ASSIGNMENT
A word-for-word copy of the listing is what's needed; leave out every image.

GIVEN DATA
# # # #

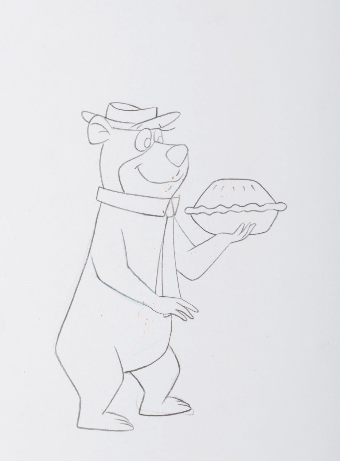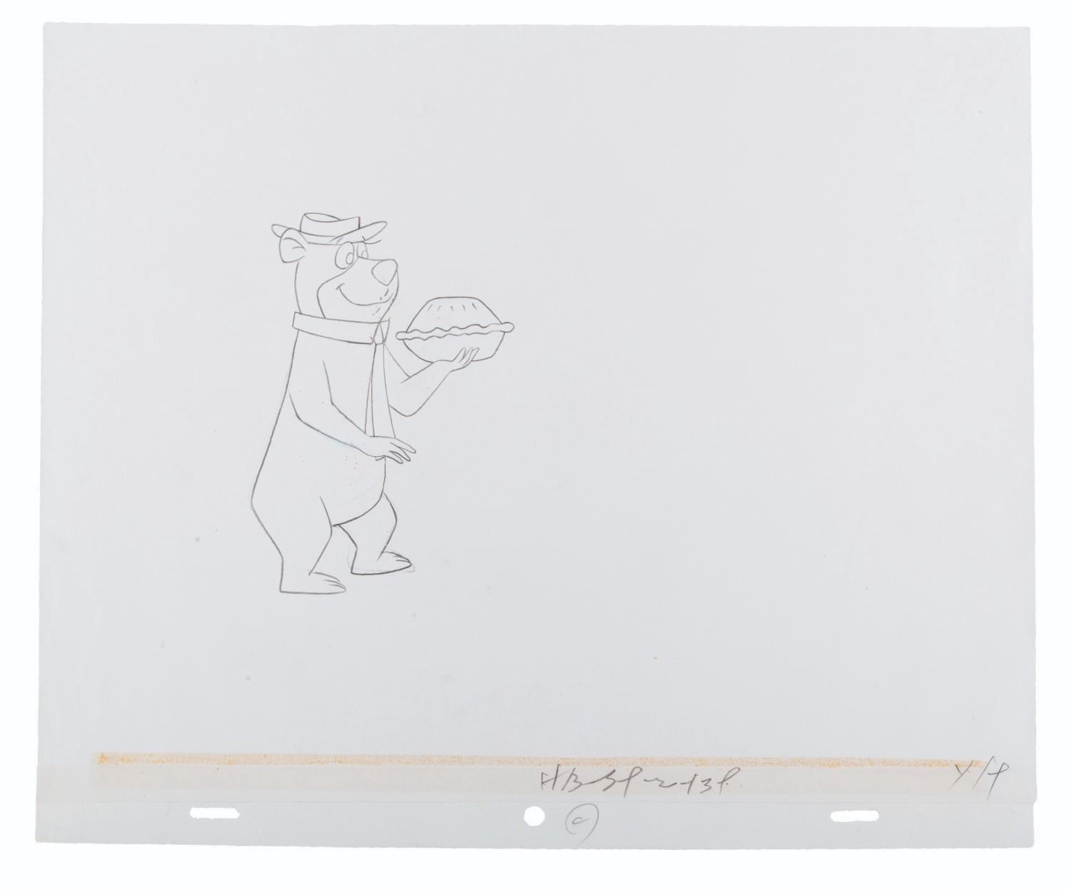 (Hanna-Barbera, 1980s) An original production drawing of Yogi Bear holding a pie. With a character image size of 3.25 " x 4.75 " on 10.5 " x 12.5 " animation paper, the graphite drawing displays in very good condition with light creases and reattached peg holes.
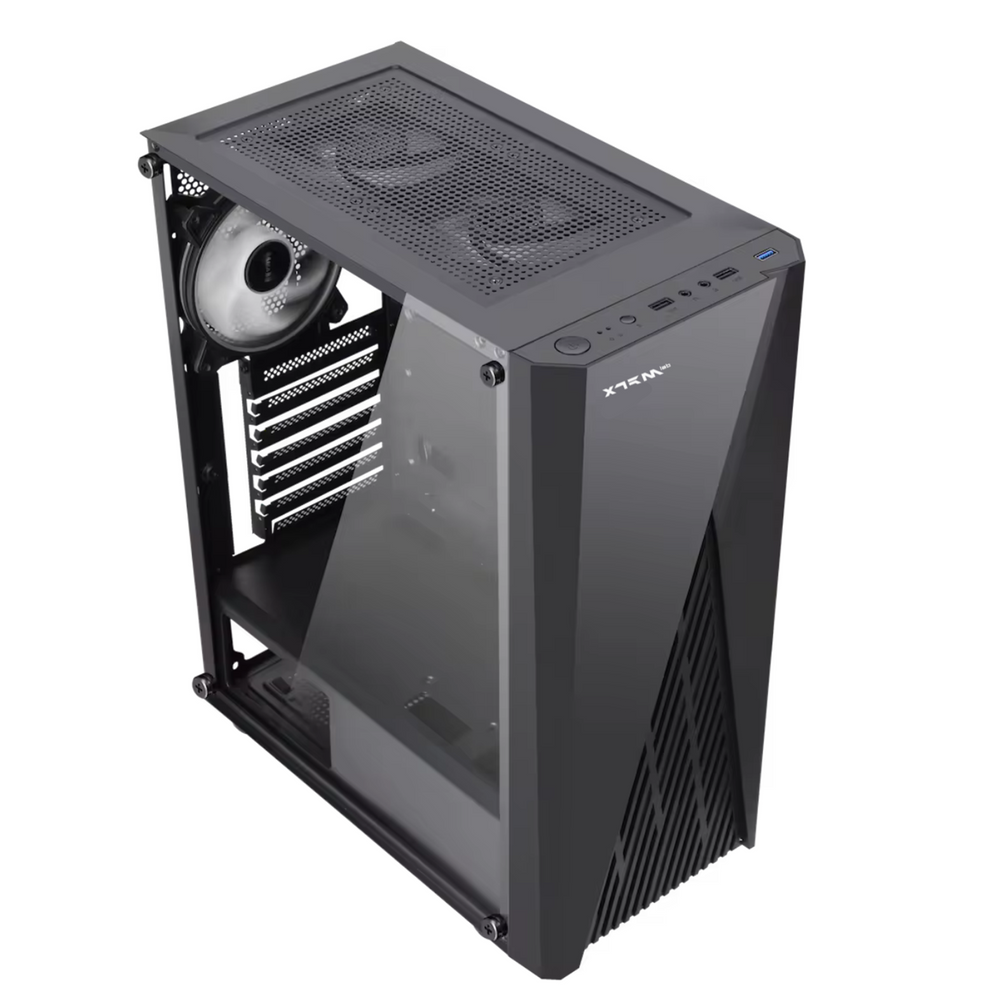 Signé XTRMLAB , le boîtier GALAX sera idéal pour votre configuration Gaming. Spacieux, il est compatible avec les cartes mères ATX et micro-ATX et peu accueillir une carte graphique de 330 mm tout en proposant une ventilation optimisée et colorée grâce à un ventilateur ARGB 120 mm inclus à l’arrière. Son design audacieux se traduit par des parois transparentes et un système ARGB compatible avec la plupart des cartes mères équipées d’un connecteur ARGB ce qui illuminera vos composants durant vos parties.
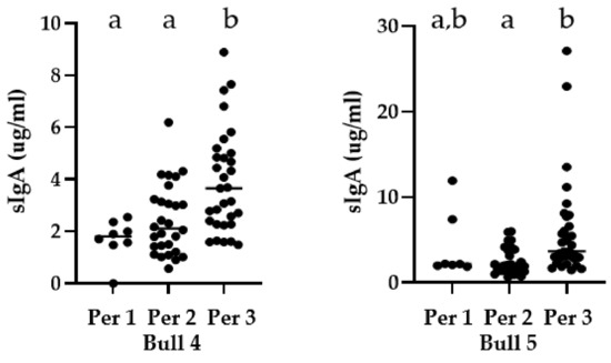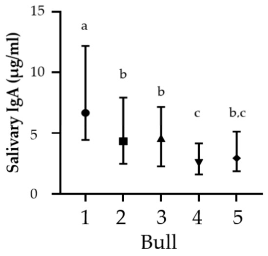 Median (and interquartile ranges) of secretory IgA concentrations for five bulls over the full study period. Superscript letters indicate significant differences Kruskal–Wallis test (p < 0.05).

# # # #

SOLUTION TO THIS TASK
 (Hanna-Barbera, 1980s) An original production drawing of Yogi Bear holding a pie. With a character image size of 3.25 " x 4.75 " on 10.5 " x 12.5 " animation paper, the graphite drawing displays in very good condition with light creases and reattached peg holes.
 Signé XTRMLAB , le boîtier GALAX sera idéal pour votre configuration Gaming. Spacieux, il est compatible avec les cartes mères ATX et micro-ATX et peu accueillir une carte graphique de 330 mm tout en proposant une ventilation optimisée et colorée grâce à un ventilateur ARGB 120 mm inclus à l’arrière. Son design audacieux se traduit par des parois transparentes et un système ARGB compatible avec la plupart des cartes mères équipées d’un connecteur ARGB ce qui illuminera vos composants durant vos parties.
 Median (and interquartile ranges) of secretory IgA concentrations for five bulls over the full study period. Superscript letters indicate significant differences Kruskal–Wallis test (p < 0.05).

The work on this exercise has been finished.